Ayoub Al Jawaldeh 1 and Ghada Sayed 2

1World Health Organization Regional Office for the Eastern Mediterranean, Cairo, Egypt (Correspondence to: A. Al Jawaldeh: This e-mail address is being protected from spambots. You need JavaScript enabled to view it ). 2International Baby Food Action Network Arab World Coordinator, Cairo, Egypt.

Abstract

Background: Optimal breastfeeding practices and appropriate complementary feeding improve child health, survival and development. The countries of the Eastern Mediterranean Region have made significant strides in formulation and implementation of legislation to protect and promote breastfeeding based on The International Code of Marketing of Breast-milk Substitutes (the Code) and subsequent relevant World Health Assembly resolutions.

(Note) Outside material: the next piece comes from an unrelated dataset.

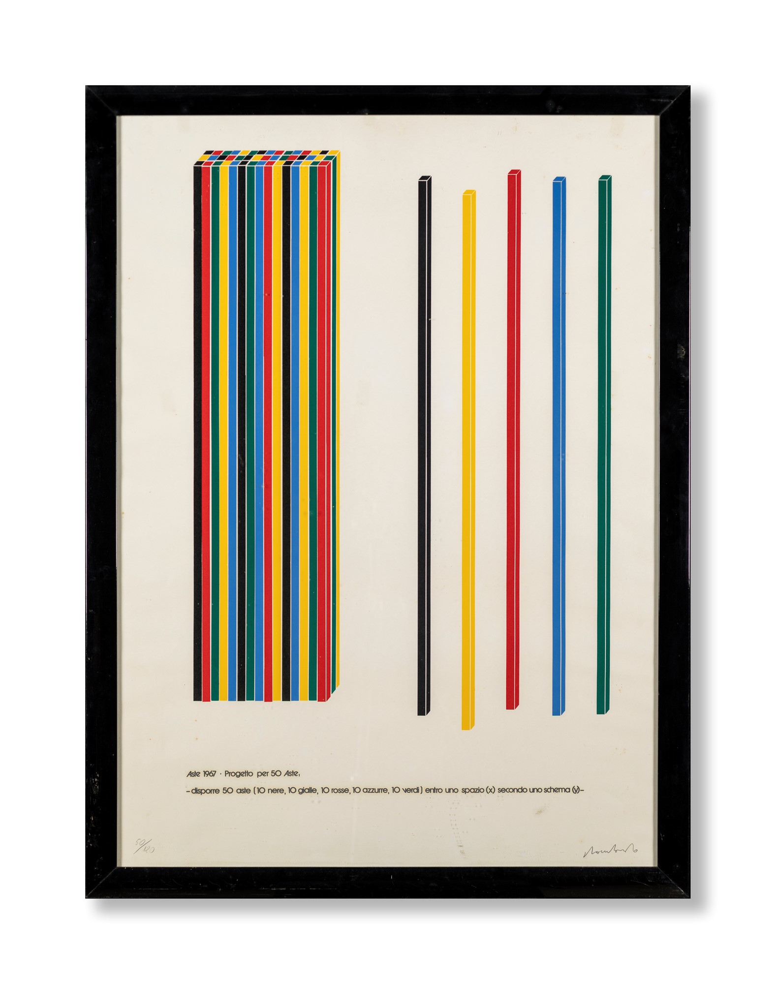 Sergio Lombardo - Aste 1967 - Progetto per 50 aste - Firma e numerazione sul fronte in basso "50/120 Lombardo" - Serigrafia - 100x70 - - Coll. Eredi G. Carandente

Aim: To assess the implementation of the Code in the Region.

Methods: Assessment was conducted by the World Health Organization (WHO) Regional Office for the Eastern Mediterranean using a WHO standard questionnaire.

Results: Seventeen countries in the Region have enacted legislation to protect breastfeeding. Only 6 countries have comprehensive legislation or other legal measures reflecting all or most provisions of the Code; 4 countries have legal measures incorporating many provisions of the Code; 7 countries have legal measures that contain a few provisions of the Code; 4 countries are currently studying the issue; and only 1 country has no measures in place. Further analysis of the legislation found that the text of articles in the laws fully reflected the Code articles in only 6 countries.

Conclusion: Most countries need to revisit and amend existing national legislation to implement fully the Code and relevant World Health Assembly resolutions, supported by systematic monitoring and reporting.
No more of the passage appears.